With a custom design, you determine the routes & their goals and build for an intuitive and easy-to-use experience. The site is as unique as you.
(It is possible to set up visitor flows with template-based websites, but it involves far more work, as they are by default targeting a nonspecific user. And you may be limited in your choices by the template itself.)
Benefit #3 – Design Around Your Content, Anticipate Customer Needs
With a template, your design is already established. You have to drop your content into the existing layout. The template designer pre-determined where it all goes. Logo in Spot A, Headline in Spot B, Introductory Text in Spot C...
Which is the exact opposite of effective site design!
Designing specifically for your brand, content and site objectives is always ideal. Design facilitates effective presentation and enhances communication – “Here are the details you came to see!”
When we say “content”, we’re talking about all of these elements:
- Branding/corporate identity
- Positioning statements
- The authored copy and body text
- Links to documents, related content
- Headlines, quotes, callouts
- Product images and alt text
As with Benefit #1, web designers must take all of these content types into consideration and present them with the appropriate scale, color, & positioning contrast. All with an understanding of the psychological aspects of human perception.
Why is psychology important? Because the web designer is targeting your customers' needs.
- Strategically-placed words enhance your site’s personality. A visitor feels like they’re the only one the site is communicating with.
- Effective positioning statements alongside photos show those statements in action. The visitor feels reassured about your competence.
- Guide visitors directly to the content they want to read – they think, "Hey, these guys know what I’m after, and they aren’t wasting my time. I’m impressed."
By designing around their content, award-winning websites anticipate customer needs. What questions does a visitor need answered, before they can become a customer? Make it easy for them to find their answers.

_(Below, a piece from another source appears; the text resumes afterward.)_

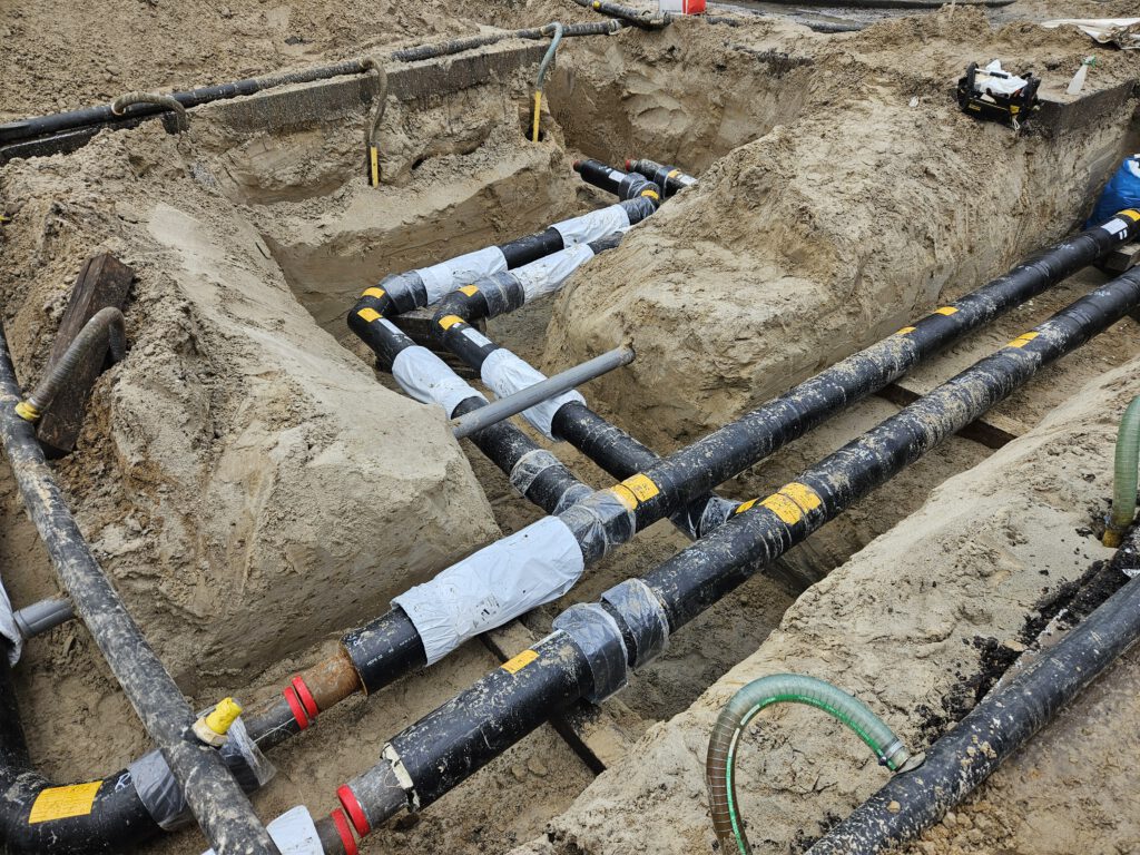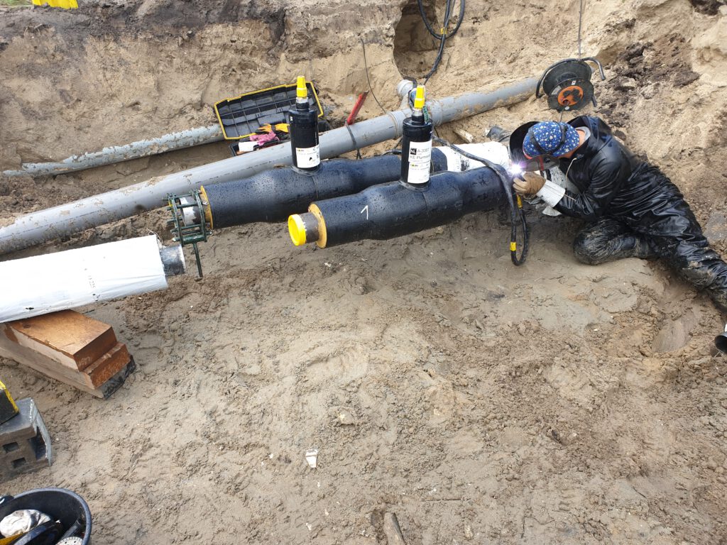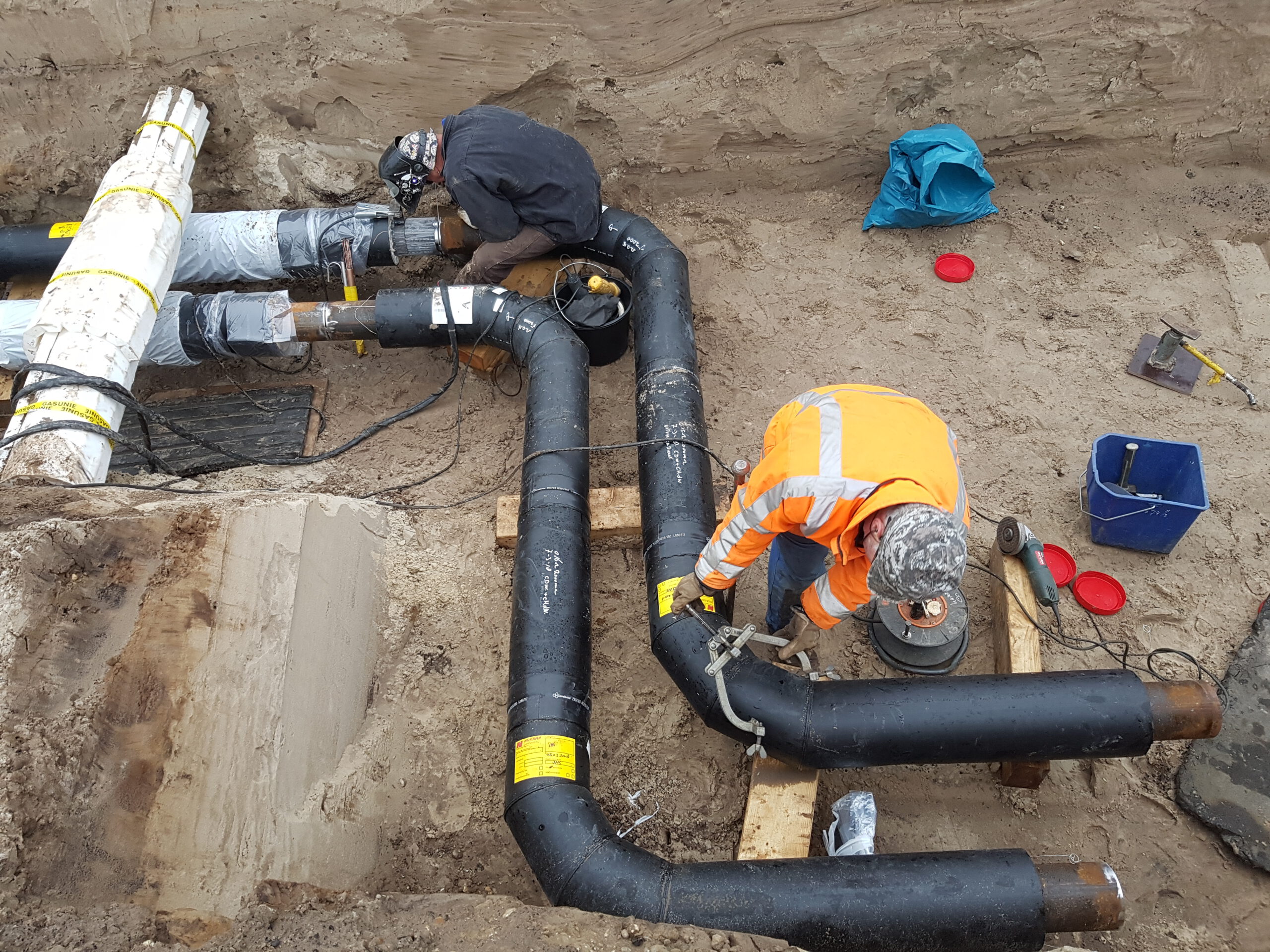 Voor het aanleggen van staal/pur/PE leidingen worden de stalen leidingen aan elkaar gelast. Bij het maken van passtukken wordt het isolatiemateriaal rondom de buis verwijderd, waarna de bevel gemaakt kan worden. Zodra het leidingwerk aan elkaar is gelast wordt de las geïsoleerd.

Custom Design = Better Positioning for Unique Businesses
While modern web design does take into account industry-standard best practices, the design approach is not formulaic. There are many factors to consider…factors which grant you more control, and more capability, than sticking to a pre-determined template.
It does take work to accomplish. Interviews with executives & salespeople, industry research, modeling, testing...
But you're left with a website able to welcome customers with your unique personality, responding to their unique needs.